Disclosure of Invention

1. Problems to be solved

Aiming at the problems that the purification of various tetroxide inorganic anions in the discharged water of the current industrial production is difficult to process and the existing adsorption material has defects, the invention provides a metal organic framework composite ultrafiltration membrane material, and correspondingly provides a preparation method of the composite ultrafiltration membrane, which can efficiently realize the ClO in the water body₄ ^-、PO₄ ^3-、TcO₄ ^-、CrO₄ ^-、AsO₄ ^3-And (3) one-step separation of the tetroxide anion pollutants with the tetrahedral structure.

2. Technical scheme

In order to solve the problems, the technical scheme adopted by the invention is as follows:

a metal organic framework composite ultrafiltration membrane material takes polyvinylidene fluoride as a membrane carrier, takes a metal organic framework coordination polymer as a load, and combines the polyvinylidene fluoride and the metal organic framework coordination polymer through hydroxyl;

the metal-organic framework coordination polymer takes bipy-Cu-bipy as a basic chain structure, and the bipy is 2, 2' -bipyridine.

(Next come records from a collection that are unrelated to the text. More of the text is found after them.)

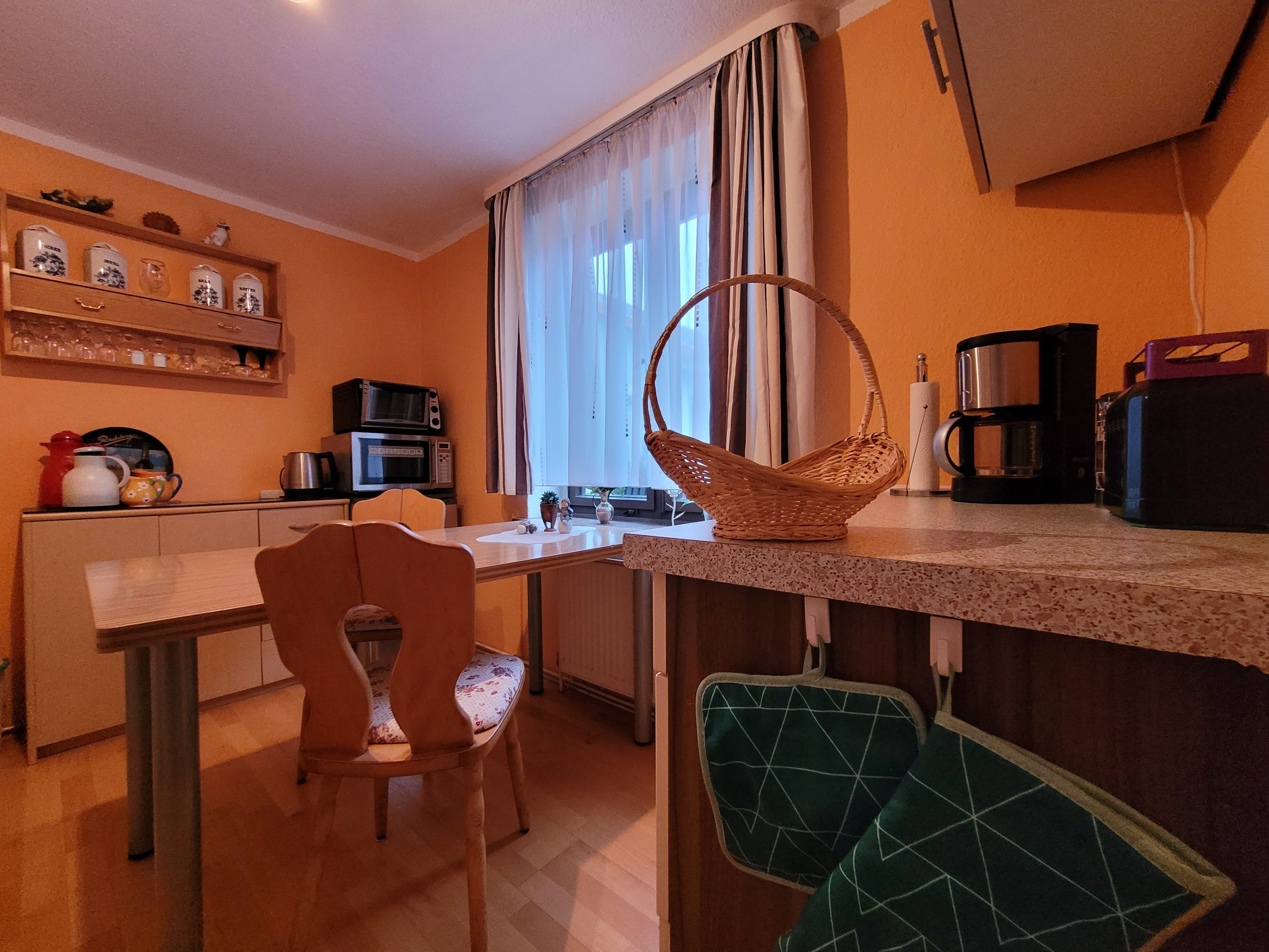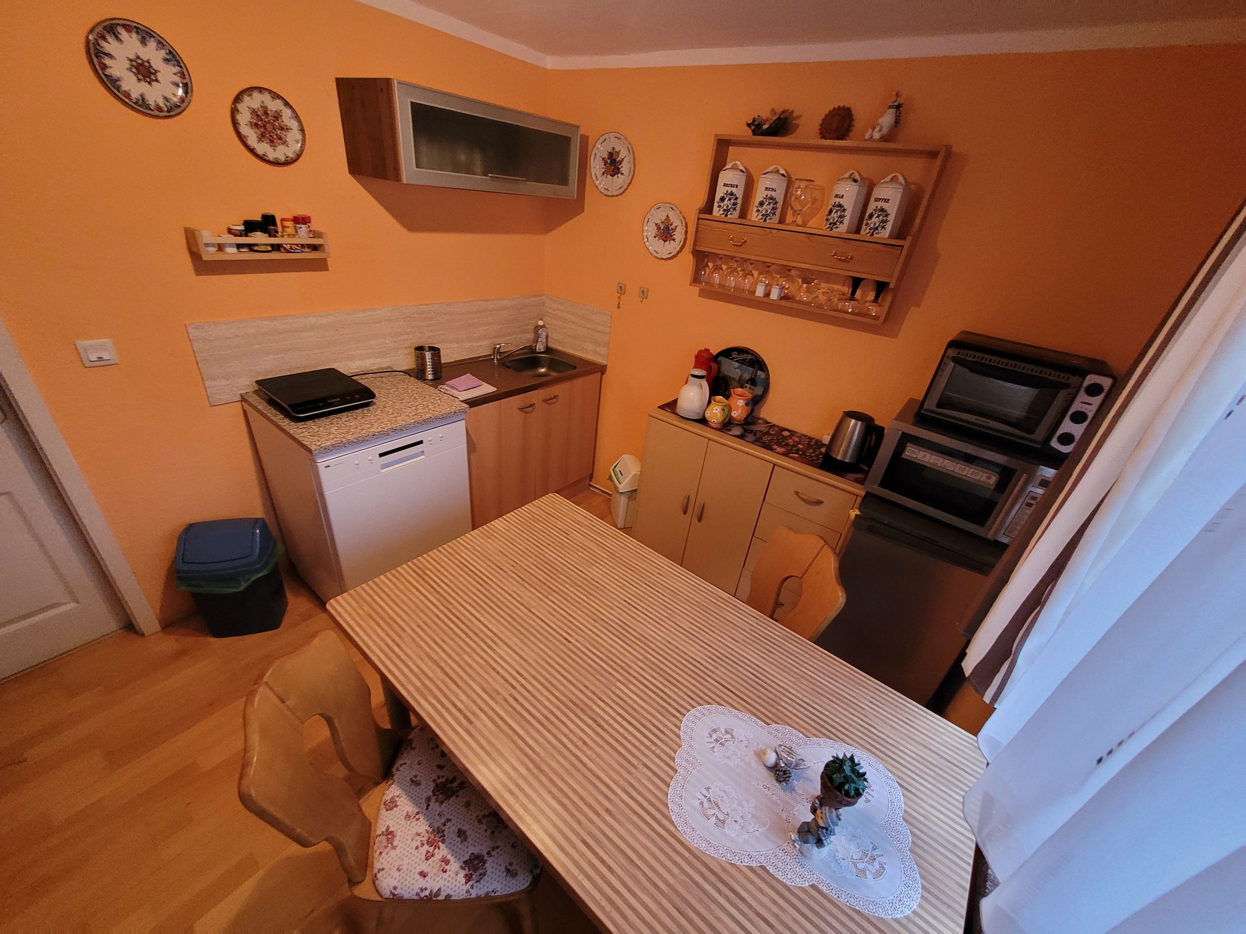 Unseren Gästen aus dem Einzel- und Doppelzimmer steht im Haus eine Gemeinschaftsküche mit Cerankochfeld, Backofen, Mikrowelle, Kaffeemaschine, Wasserkocher, Toaster, Kühlschrank mit Gefrierfach, Geschirrspüler und Spüle zur Verfügung.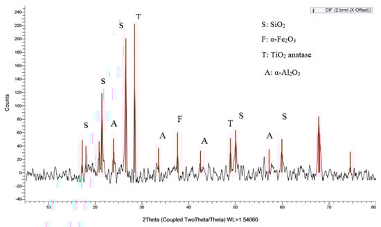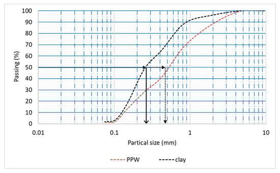 Clay was used as the primary brick component in this study. Table 2 displays the results of X-ray fluorescence (XRF) analysis on the clay. As can be seen in Figure 3, the dominant mineral phase of the clay was determined with the use of X-ray diffraction (XRD). Analysis by X-ray diffraction indicates that kaolin predominates among the minerals in the combination. PPW is collected from local juice shops. It is dried under normal sunlight. It is then milled to obtain fine particle powder. The powder was washed with water to remove any undesirable dust and dried in an oven at 100 °C for two days to obtain fully dried powder before being mixed with clay. The XRF of PPW is listed in Table 2. Because of its high organic content, PPW has a greater LOI. The particle size analysis of clay and PPW is shown in Figure 4; the average diameter of the clay particles was 0.27 mm, while the PPW particles were 0.47 mm in diameter.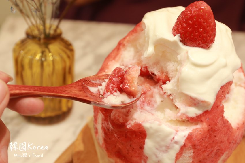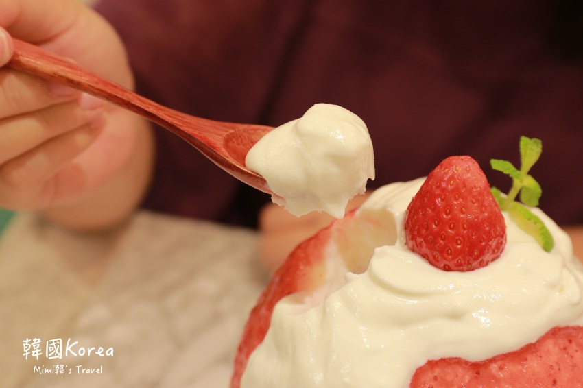 而且挖開刨冰,裡面還藏著很多新鮮草莓唷!每一口都很好吃,超喜歡!喜歡吃冰+拍照的話,來韓國旅遊時不妨找間軟雲堂試試看吧 😆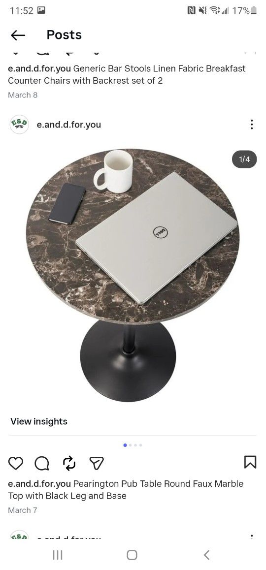 Pearington Pub Table Round Faux Marble Top with Black Leg and Base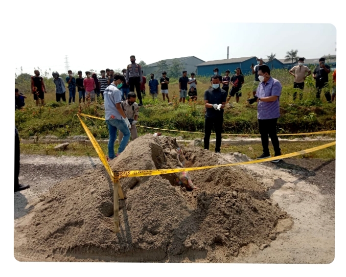 Dua Orang Pelaku Pembunuhan & Pembuangan Jasad Wanita Dalam Urugan Pasir, Tertangkap setelah polisi olah TKP. Diduga motif pembunuhan tersebut dilatar belakangi oleh nafsu birahi pelaku terhadap korban yang menolak diajak berhubungan badan.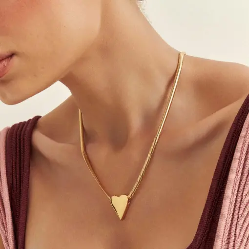 3022755 - COLAR COM PINGENTE DE CORAÇÃO LISO EM ESTEIRA LAMINADA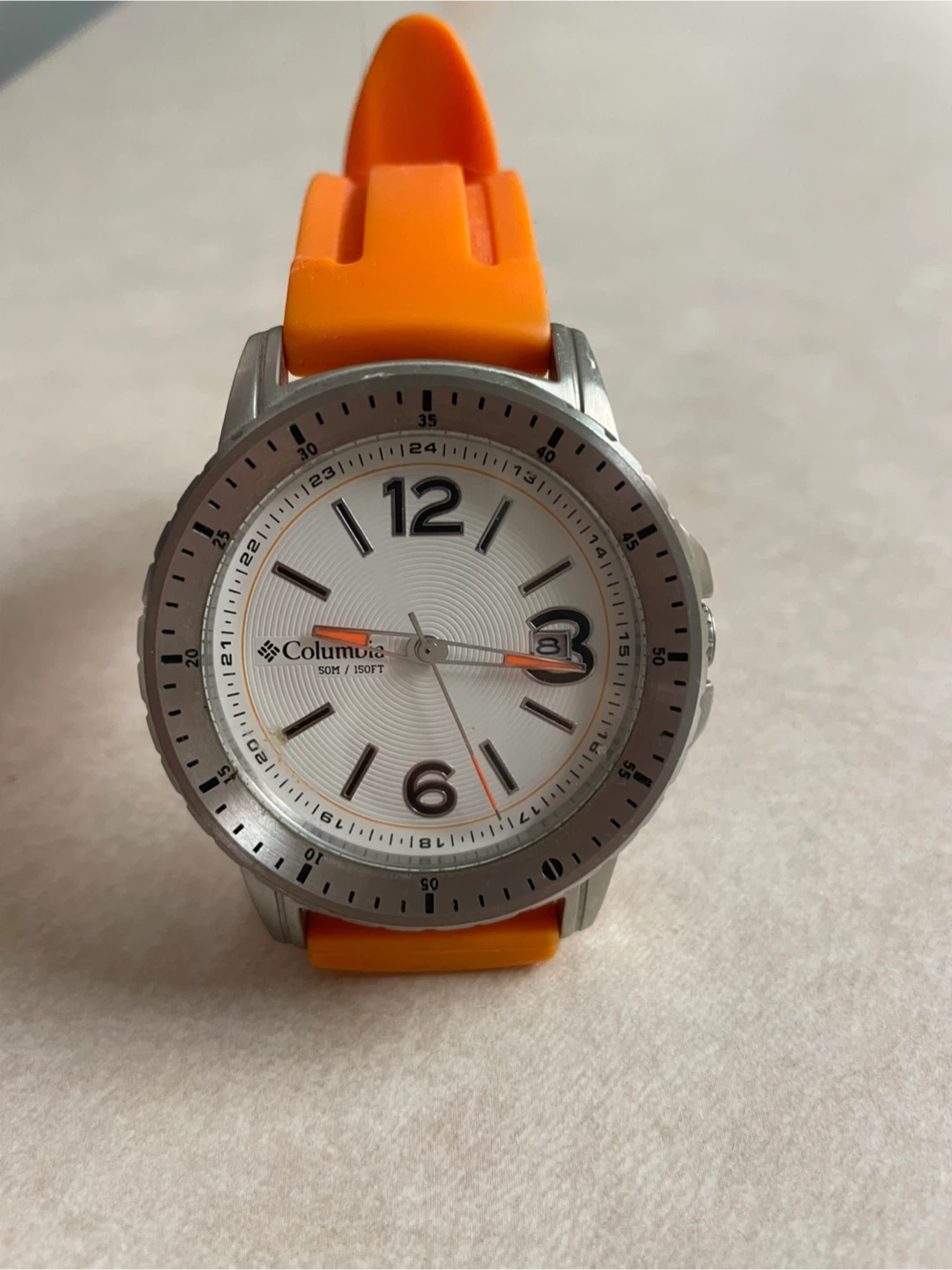This Columbia watch features a white dial with clear Arabic numerals and a sporty orange silicone strap. It's water-resistant up to 50 meters (150 feet). This timepiece is great for everyday wear or outdoor adventures!

Furthermore, the metal organic framework composite ultrafiltration membrane material is used for treating the water body polluted by the regular tetrahedron structure tetroxide anions, wherein the regular tetrahedron structure tetroxide anions comprise ClO₄ ^-、PO₄ ^3-、TcO₄ ^-、CrO₄ ^-、AsO₄ ³、MnO₄ ^-One or more than one of (a).

The preparation method of the metal organic framework composite ultrafiltration membrane material comprises the following steps:

(1) bipyridine, copper nitrate, sodium oxalate and water are mixed according to the weight ratio of (0.9-1.2): (1-1.1): (1.05-1.35): (510-550), reacting under certain conditions after mixing and dissolving in a molar ratio, repeatedly washing the obtained mixed product with water and ethanol, separating out a solid product, and drying to obtain a metal organic framework coordination polymer;

(2) butyrolactone, polyvinylidene fluoride and dimethylacetamide according to the weight ratio of (0.3-0.6): (7.5-10.7): (36-40), stirring and reacting under certain conditions, pouring the casting solution on a smooth and flat glass plate, leveling, placing the glass plate in pure water for soaking for a period of time to generate a polyvinylidene fluoride membrane, and soaking the generated polyvinylidene fluoride membrane in alkali liquor for a period of time;

(3) and (3) soaking the polyvinylidene fluoride membrane obtained in the step (2) in a benzyl chloride/n-heptane solution for a period of time, and then soaking the polyvinylidene fluoride membrane in a 5-50 wt% metal-organic framework coordination polymer/n-hexane mixed solution to obtain the metal-organic framework composite ultrafiltration membrane material with the load of 5-50 wt%.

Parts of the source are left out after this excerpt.